# Headphone Jack not working after loading Win 7 OS



## szumerspirit (Oct 29, 2013)

Recently the hard drive was replaced on my HP ProBook 6450b and loaded with Windows 7 Professional (Svc Pk 1), at which point the 3.5mm Headphone jack has stopped working. Prior to the HD replacement I was running Windows XP Professional and the jack worked fine.

After Windows 7 load, when I connect my laptop to my television using a monitor cable with an audio jack the laptop speakers do not mute and no sound comes through the TV from the laptop. I have subsequently tried several different pairs of headphones, again the laptop speakers continue to provide sound, with nothing coming through the headphones.

I spent over a week looking all over the internet and have found lots of people experiencing the same thing (atleast 80% seem to be running Windows 7) and while there have been many suggestions, I didn’t find any that had actually been resolved. I have tried everything suggested and have outlined it below:

•	Tried the simple suggestions of jiggling the jack, or pulling the audio plug slightly out, and verifying that I am using the Headphone not Mic jack
•	Of course checked all various areas of Sound Levels and muting
•	Checked the Sound Drivers: All present and most current versions
•	Checked the Playback Devices: and found that Headphones were not listed. I showed both Disconnected and Disabled devices but nothing changed. I checked this with the headphones both connected and disconnected just in case. I am really inexperienced in this area so I do not know if I can manually add or configure a Playback Device.

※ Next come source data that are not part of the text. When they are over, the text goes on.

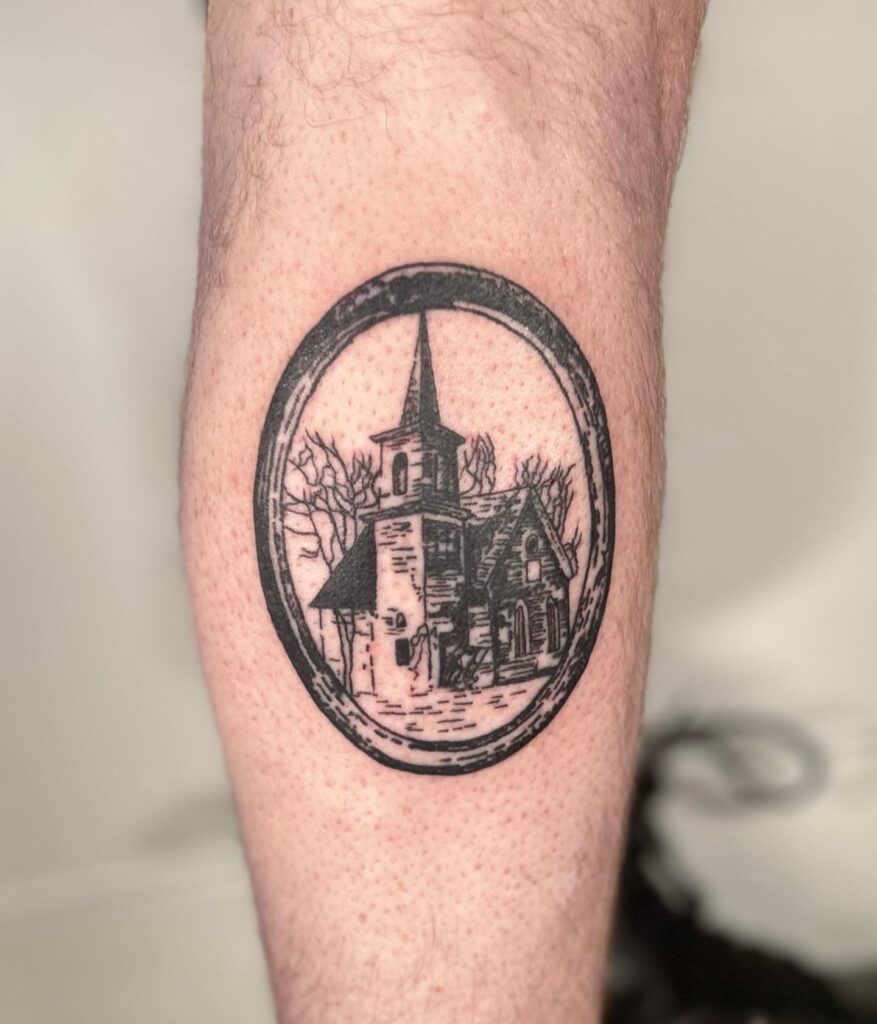 The framing is sharp and ornate, echoing church spires and timeless stonework. Its luminous effect captures gothic reverence while adding a modern artistic twist. Placed on the arm, this tattoo radiates elegance, transforming gothic architecture into a glowing masterpiece on skin.
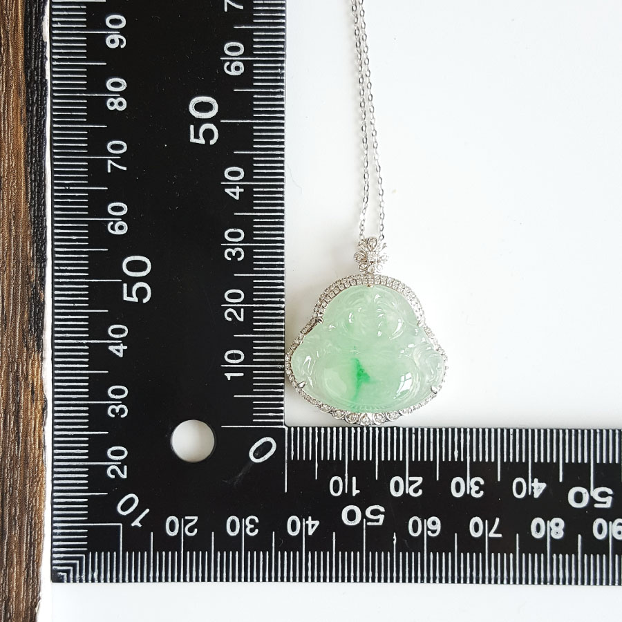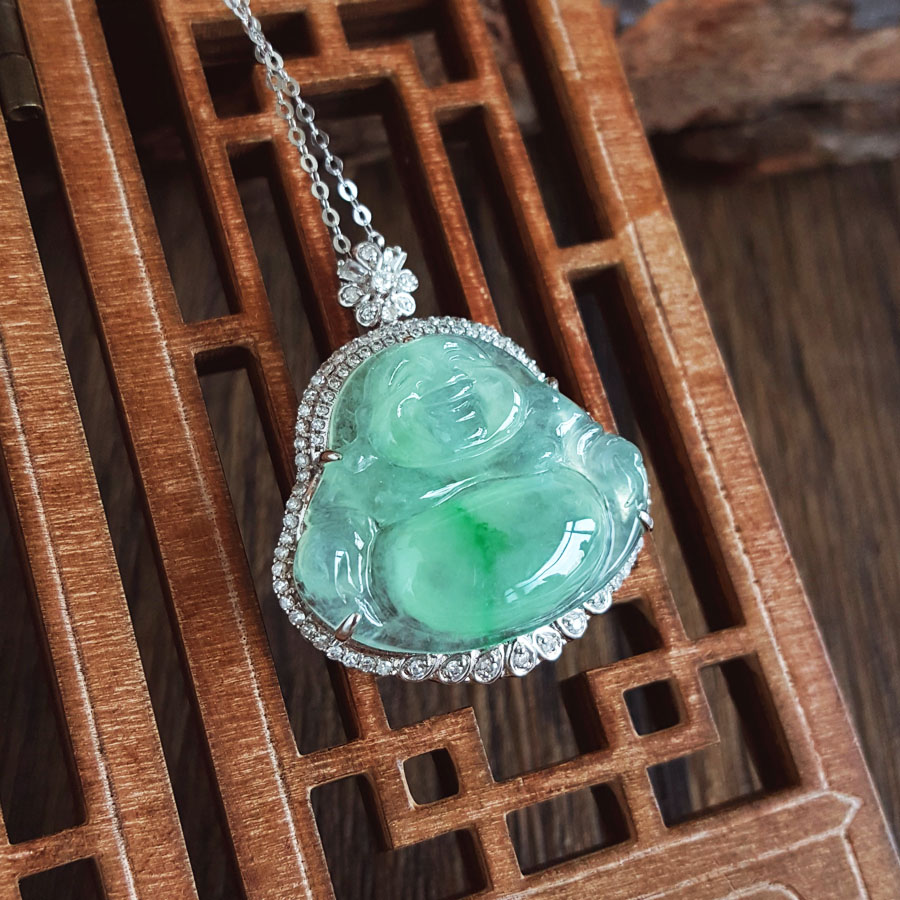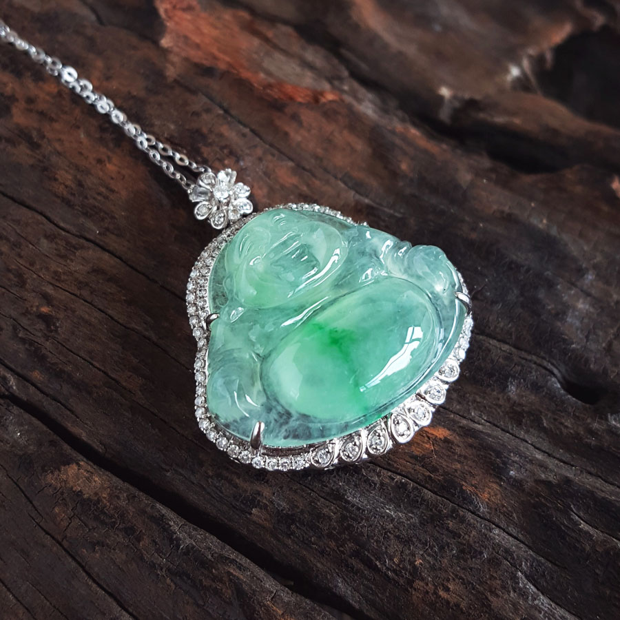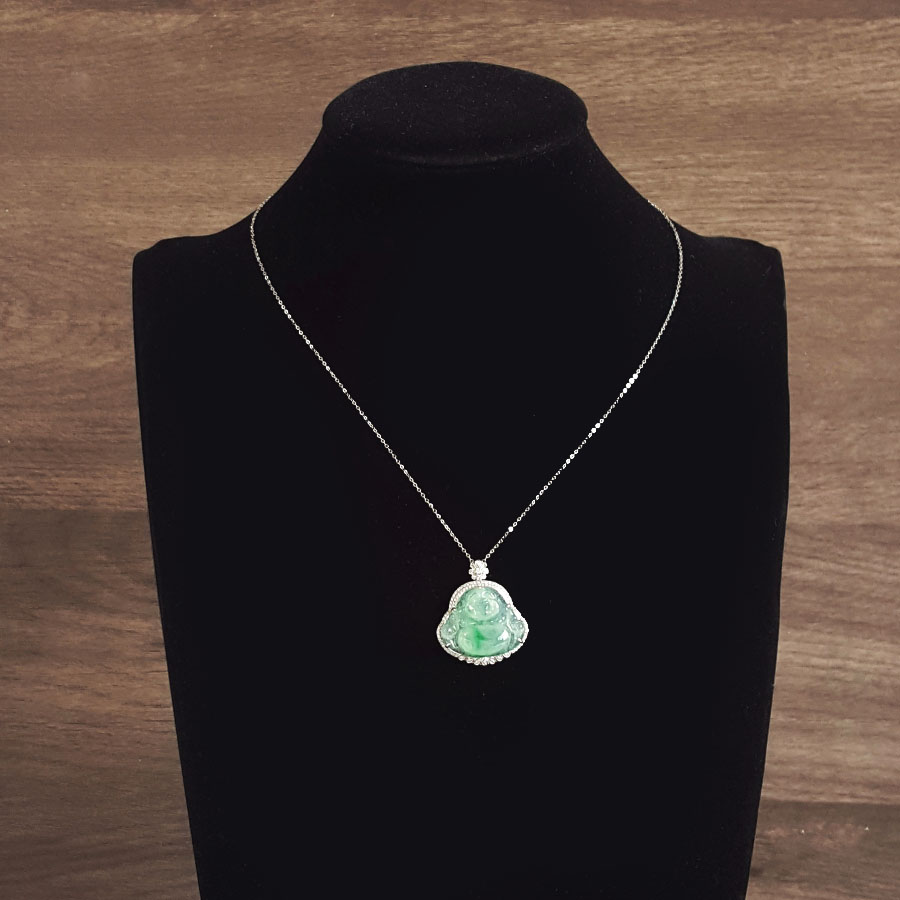 名称 | AU750白金豪镶钻镶天然细腻冰种飘阳绿佛公翡翠吊坠项链 |
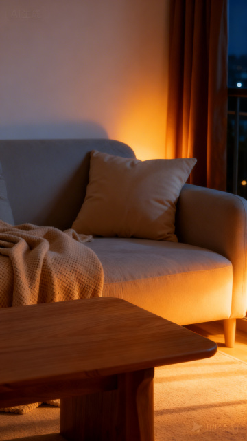 明亮通透的室内场景,整体采用简约北欧风格设计,以米白色、浅木色为主色调,搭配柔和的暖黄色自然光透过半透明白色纱帘洒入室内,在地板和家具上形成清晰的光影条纹,营造出温馨舒适、宁静惬意的氛围。房间内摆放着浅米色布艺沙发,搭配圆形浅色地毯,旁边是原木色边几和带有金属支架的储物柜,墙角立有绿植盆栽增添生机,墙上挂着简约装饰画,整体布局简洁有序,线条流畅,空间感开阔,细节处体现出自然、质朴的生活美学。

I am now at the extreme end of my knowledge and have no idea what to do next. Any advice or direction would be greatly appreciated.

I have attached a screenshot of both the Drivers and the Playback Devices, and tried to include/describe everything I’ve done or checked. If I have missed any information that would helpful, or if I should have posted this in a different Forum, just let me know and I will add it right away.

Thank you very much for your time and consideration!


----------



## szumerspirit (Oct 29, 2013)

Additional Note: I just noticed today when connecting to the TV with the AV cables: If I turn the TV volume up to max, I can hear the sound, its just extremely low and very static filled. So the jack itself is definitely working, and its not the cables themselves because Headphones dont work either. Any advice would be greatly appreciated.


----------



## Corday (Mar 3, 2010)

Did you try this?
Drivers, Software and Firmware for HP ProBook 6450b Notebook PC - HP Support Center


----------



## JimE (Apr 16, 2009)

Front panel port detection is based on the audio drivers. Does HP provide drivers for Win 7? The only drivers recommended for laptops, are those provided by the manufacturer, as they tweak the drivers to support their implementation of the hardware.


----------



## Tyree (May 10, 2009)

The HP site shows drivers for Windows 7 for 3 HP units under that Model.
HP ProBook 6450b Base Model Notebook PC
HP ProBook 6450b Notebook PC
HP ProBook 6450b Notebook PC (ENERGY STAR)


----------